Ancestral variants of spontaneous mutations in inbred mouse strains are easily lost from the population. The fortuitous timing of our discovery and the resultant availability of both Iap5-1full and Iap5-1solo mice allowed us to quantitatively explore the functional repercussions of a derepressed solo LTR. We showed that the Iap5-1solo variant is associated with increased expression of adjacent genes in thymic and placental tissue. This may reflect the use of newly accessible regulatory sequences in the solo LTR or, alternatively, a secondary effect stemming from heterochromatin loss at a neighbouring region. The transcriptional consequences were tissue-specific: Rell1 expression was lower in Iap5-1solo compared to Iap5-1full livers, and no gene expression differences were observed in cortex samples. The lncRNA 5830416l19Rik, identified from the sequencing of adult male thymus and aorta cDNA libraries (Kawai et al., 2001), was only expressed in thymus samples collected from Iap5-1solo individuals; it was nearly undetectable in Iap5-1full thymic samples and not expressed at all in any of the other tested tissues. We speculate that the formation of Iap5-1solo gave rise to 5830416l19Rik as a novel tissue-specific (perhaps immune-specific) lncRNA. Indeed, IAP transcripts are rarely detected in somatic tissues outside of tumours and early embryogenesis, but thymic and activated splenic cells are notable exceptions (Kuff and Lueders, 1988). In addition, young ERVs have recently been implicated in shaping the evolution of transcriptional networks underlying innate immunity (Chuong et al., 2016; Tie et al., 2018; Ye et al., 2020), and our group recently identified individual IAP elements that exhibit inter-individual methylation variability exclusively in B cells (Elmer et al., 2021).

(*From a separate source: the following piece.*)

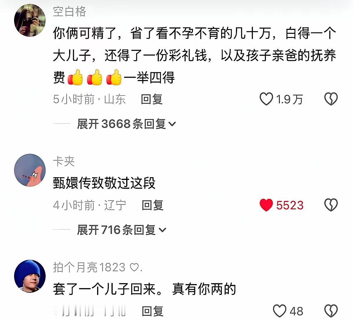 都是一群明白人啊!三赢了,给生活费的那位稳重,有度量,有格局……祝他们都幸福……

Along with the transcriptional differences observed at the metabolic gene Pgm2, we found that Iap5-1solo individuals exhibit lower plasma glucose and triglyceride concentrations compared to Iap5-1full individuals. While the effect sizes were small, we note that these measurements were taken in an unaltered environment. Administration of a long-term metabolic challenge such as a high-fat diet and subsequent metabolic phenotyping will aid in further elucidating the biological significance of these results. Nevertheless, our work adds to the body of work suggesting that TE insertions and their epigenetic modification can have quantifiable consequences on host metabolic pathways (Du et al., 2016; Kuehnen et al., 2012; Scherneck et al., 2009; Yen et al., 1994).

We have shown that Iap5-1solo is susceptible to genetic background effects, whereby passage through a CAST egg promotes methylation of the B6-derived solo LTR. In a recent study we reported the same effect at a number of VM-IAPs and showed that KZFP diversification is associated with strain-specific IAP methylation (Bertozzi et al., 2020). This combined with the identification of candidate KZFPs capable of binding the Iap5-1 variants suggests that the differential recruitment of heterochromatin factors by KZFPs is involved in both driving the epigenetic differences between Iap5-1full and Iap5-1solo, and for the strain-specific methylation of Iap5-1solo. In fact, by definition, the wide range of methylation levels observed at the Iap5-1solo allele across genetically identical CB individuals renders this locus a bona fide VM-IAP (or metastable epiallele) in this hybrid context (Bertozzi and Ferguson-Smith, 2020; Rakyan et al., 2002). Therefore, we expect the new Iap5-1solo variant to be a useful tool for the study of epigenetic stochasticity in the absence of genetic variation, a phenomenon for which the underlying mechanisms remain poorly understood.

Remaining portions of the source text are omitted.